INFORMATION GIVEN:
_ _ _
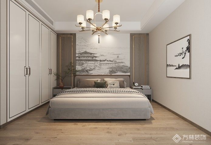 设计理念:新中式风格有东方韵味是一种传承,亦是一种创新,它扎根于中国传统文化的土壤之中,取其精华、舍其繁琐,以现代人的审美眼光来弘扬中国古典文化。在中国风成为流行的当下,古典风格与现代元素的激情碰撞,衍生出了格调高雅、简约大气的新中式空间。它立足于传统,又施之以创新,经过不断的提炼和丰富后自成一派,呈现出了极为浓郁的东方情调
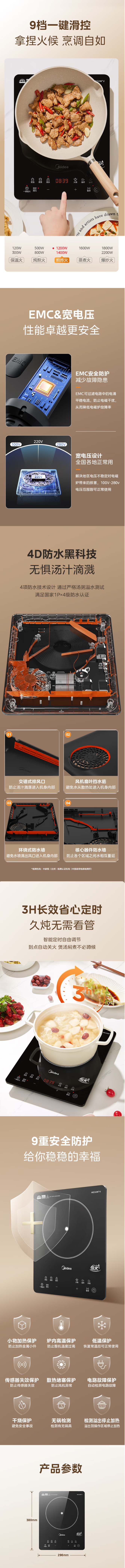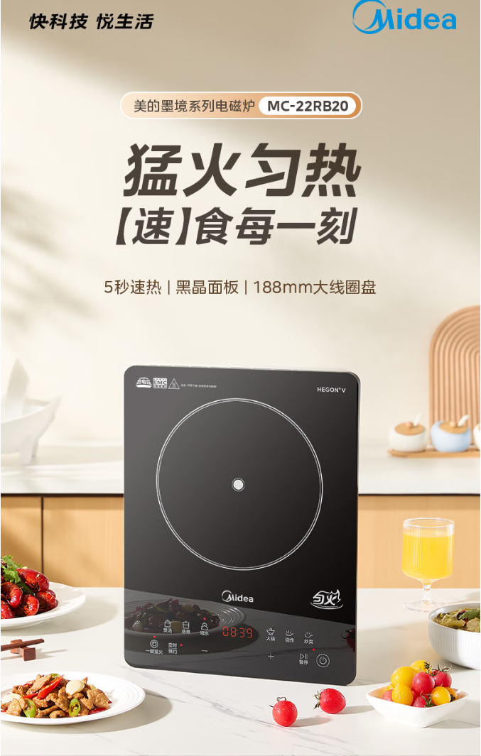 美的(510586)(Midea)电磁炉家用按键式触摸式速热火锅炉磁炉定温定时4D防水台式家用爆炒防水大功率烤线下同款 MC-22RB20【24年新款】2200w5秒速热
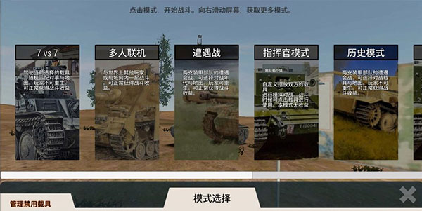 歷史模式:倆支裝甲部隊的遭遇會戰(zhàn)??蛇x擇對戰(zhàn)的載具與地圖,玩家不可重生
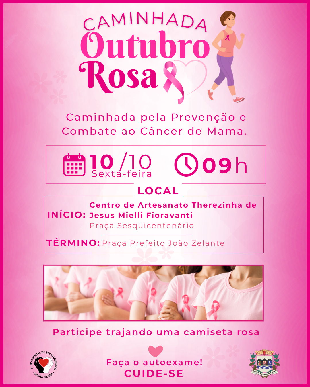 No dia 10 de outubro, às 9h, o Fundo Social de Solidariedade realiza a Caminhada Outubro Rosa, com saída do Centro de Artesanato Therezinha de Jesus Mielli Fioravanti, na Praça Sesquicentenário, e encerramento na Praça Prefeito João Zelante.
_ _ _
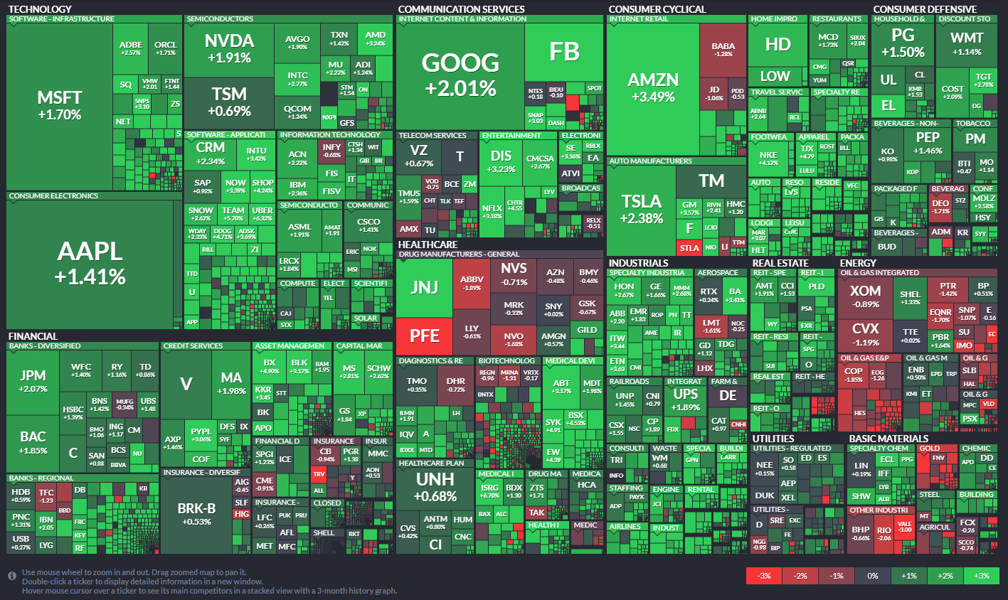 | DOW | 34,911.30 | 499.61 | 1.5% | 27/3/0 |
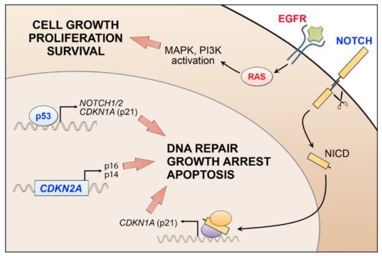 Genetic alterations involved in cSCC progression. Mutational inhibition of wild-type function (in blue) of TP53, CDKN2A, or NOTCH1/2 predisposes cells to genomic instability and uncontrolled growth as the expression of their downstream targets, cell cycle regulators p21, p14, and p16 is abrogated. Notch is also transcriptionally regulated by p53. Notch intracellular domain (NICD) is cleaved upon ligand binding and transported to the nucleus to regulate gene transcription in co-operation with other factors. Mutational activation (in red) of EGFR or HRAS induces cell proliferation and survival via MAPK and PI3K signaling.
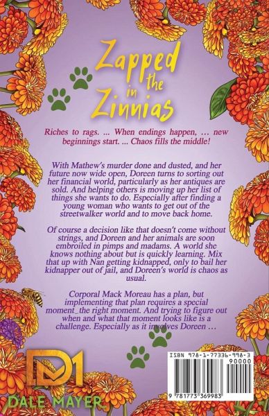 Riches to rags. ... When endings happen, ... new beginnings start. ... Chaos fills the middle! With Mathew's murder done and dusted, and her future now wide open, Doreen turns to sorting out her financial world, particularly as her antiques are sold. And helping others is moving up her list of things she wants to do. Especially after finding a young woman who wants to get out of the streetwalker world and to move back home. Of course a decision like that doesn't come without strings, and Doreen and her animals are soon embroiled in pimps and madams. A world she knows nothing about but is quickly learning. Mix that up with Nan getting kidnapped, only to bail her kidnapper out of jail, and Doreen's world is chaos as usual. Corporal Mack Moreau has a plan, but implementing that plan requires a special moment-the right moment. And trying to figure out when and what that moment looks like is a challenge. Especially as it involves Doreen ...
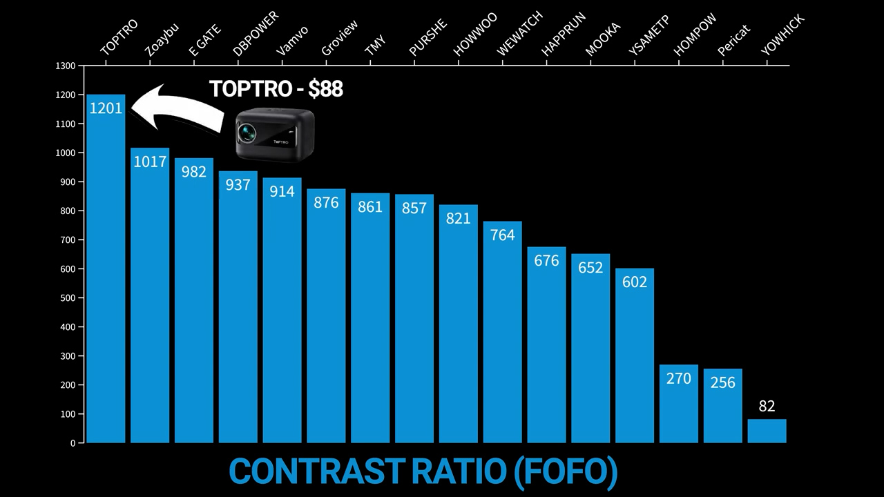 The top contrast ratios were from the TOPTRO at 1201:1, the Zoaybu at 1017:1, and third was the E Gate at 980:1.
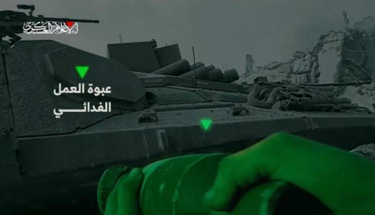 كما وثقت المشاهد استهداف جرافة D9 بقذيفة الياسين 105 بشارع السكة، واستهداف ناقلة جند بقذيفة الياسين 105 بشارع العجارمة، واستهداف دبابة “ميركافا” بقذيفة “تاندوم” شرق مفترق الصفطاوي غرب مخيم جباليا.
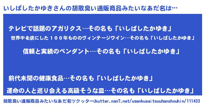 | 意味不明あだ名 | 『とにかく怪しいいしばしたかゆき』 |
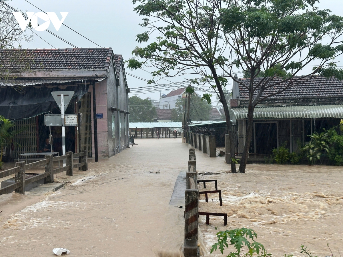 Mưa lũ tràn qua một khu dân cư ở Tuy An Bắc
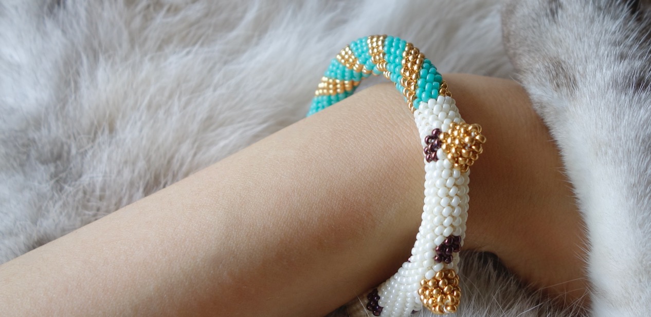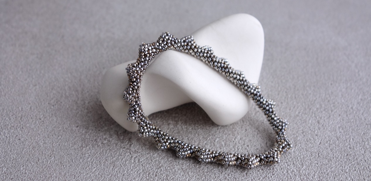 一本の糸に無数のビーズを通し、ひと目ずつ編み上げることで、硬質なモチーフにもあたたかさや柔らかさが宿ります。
_ _ _
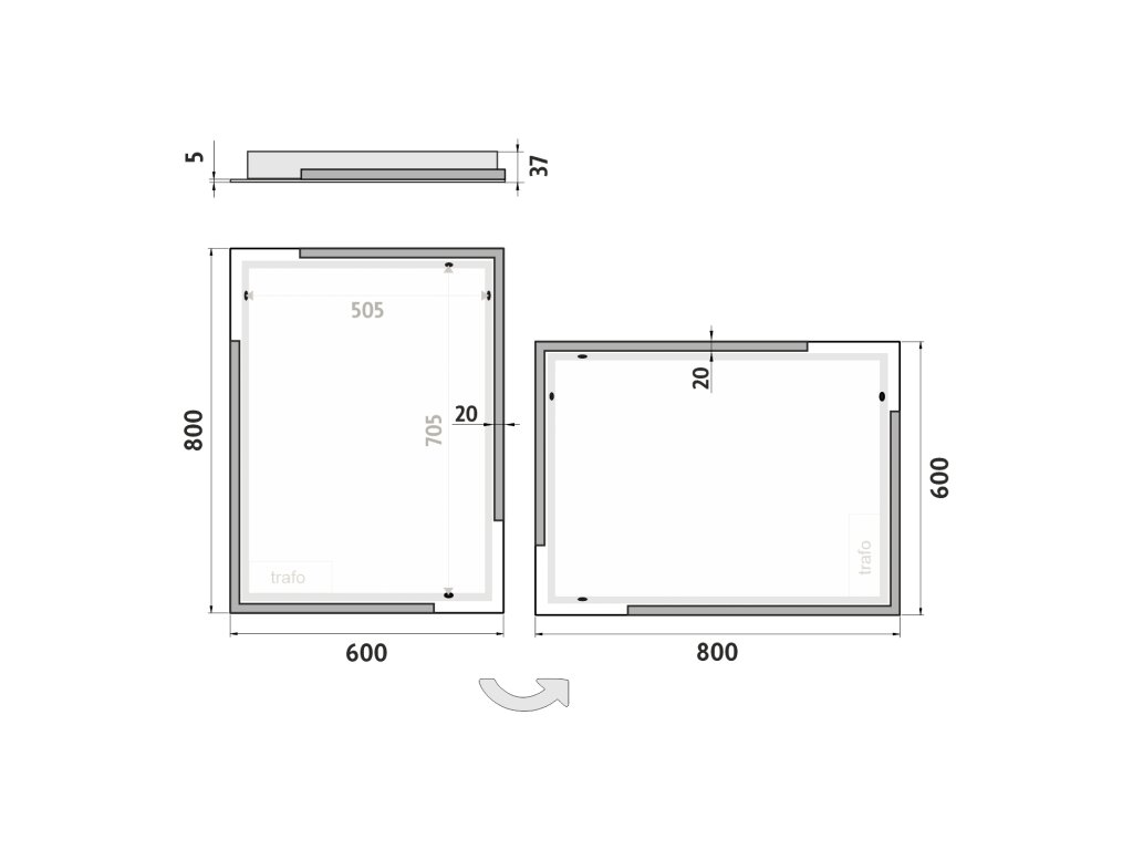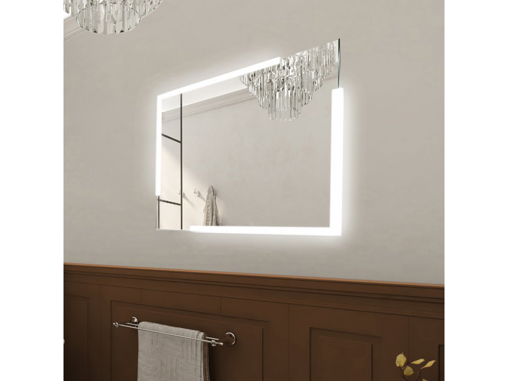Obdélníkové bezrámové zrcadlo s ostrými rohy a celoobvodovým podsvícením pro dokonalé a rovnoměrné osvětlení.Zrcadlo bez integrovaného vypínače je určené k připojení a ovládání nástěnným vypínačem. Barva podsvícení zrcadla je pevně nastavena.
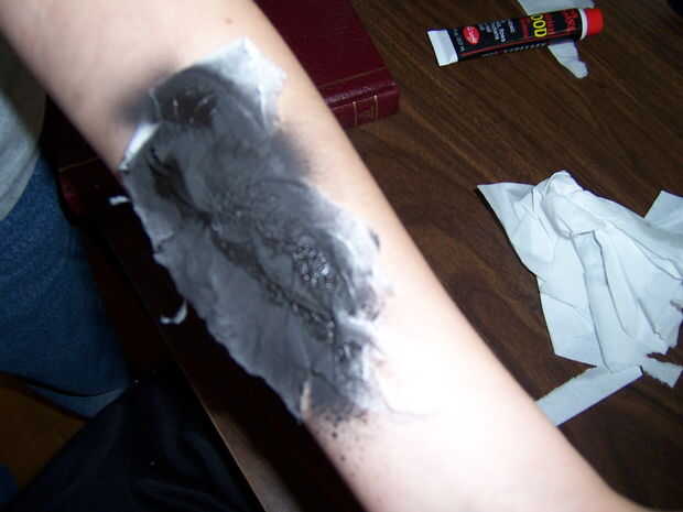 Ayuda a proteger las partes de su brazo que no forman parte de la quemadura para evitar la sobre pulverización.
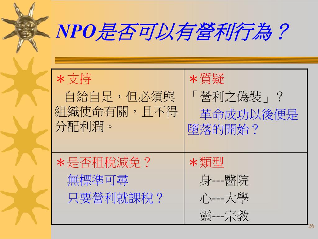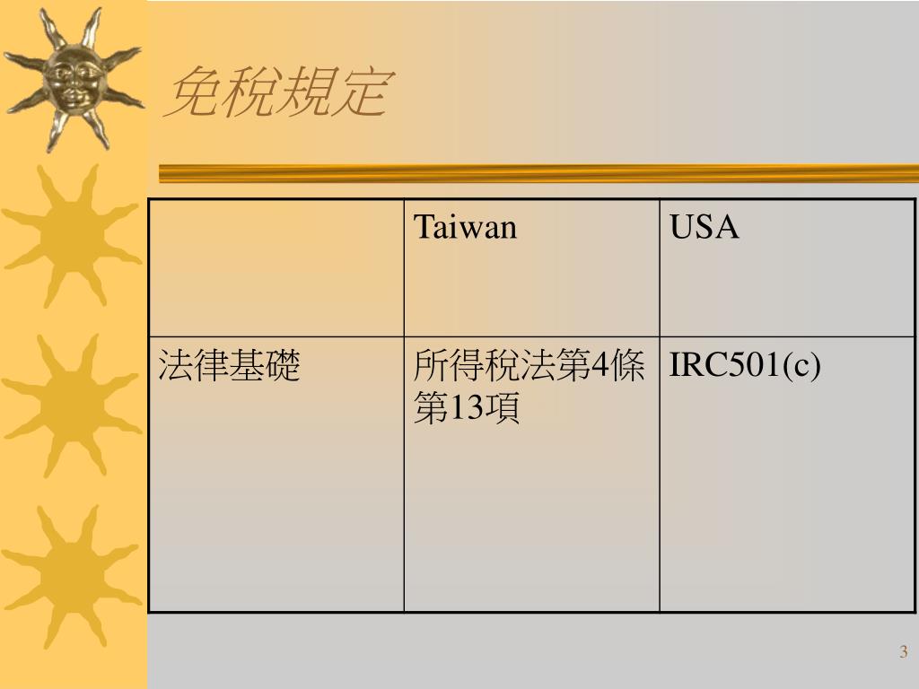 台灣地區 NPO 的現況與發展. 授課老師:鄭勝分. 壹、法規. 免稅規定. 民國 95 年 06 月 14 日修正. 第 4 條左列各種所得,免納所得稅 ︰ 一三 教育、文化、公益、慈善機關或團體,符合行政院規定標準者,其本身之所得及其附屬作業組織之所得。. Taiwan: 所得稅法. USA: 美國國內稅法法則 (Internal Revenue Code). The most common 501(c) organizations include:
_ _ _
EXERCISE DETAILS:
From the listing above, repeat only the lines between the line containing "设计理念:新中式风格有东方韵" and the line containing "No dia 10 de", those two included. Pictures are not part of the copy.

RESPONSE FOR THIS EXERCISE:
 设计理念:新中式风格有东方韵味是一种传承,亦是一种创新,它扎根于中国传统文化的土壤之中,取其精华、舍其繁琐,以现代人的审美眼光来弘扬中国古典文化。在中国风成为流行的当下,古典风格与现代元素的激情碰撞,衍生出了格调高雅、简约大气的新中式空间。它立足于传统,又施之以创新,经过不断的提炼和丰富后自成一派,呈现出了极为浓郁的东方情调
 美的(510586)(Midea)电磁炉家用按键式触摸式速热火锅炉磁炉定温定时4D防水台式家用爆炒防水大功率烤线下同款 MC-22RB20【24年新款】2200w5秒速热
 歷史模式:倆支裝甲部隊的遭遇會戰(zhàn)??蛇x擇對戰(zhàn)的載具與地圖,玩家不可重生
 No dia 10 de outubro, às 9h, o Fundo Social de Solidariedade realiza a Caminhada Outubro Rosa, com saída do Centro de Artesanato Therezinha de Jesus Mielli Fioravanti, na Praça Sesquicentenário, e encerramento na Praça Prefeito João Zelante.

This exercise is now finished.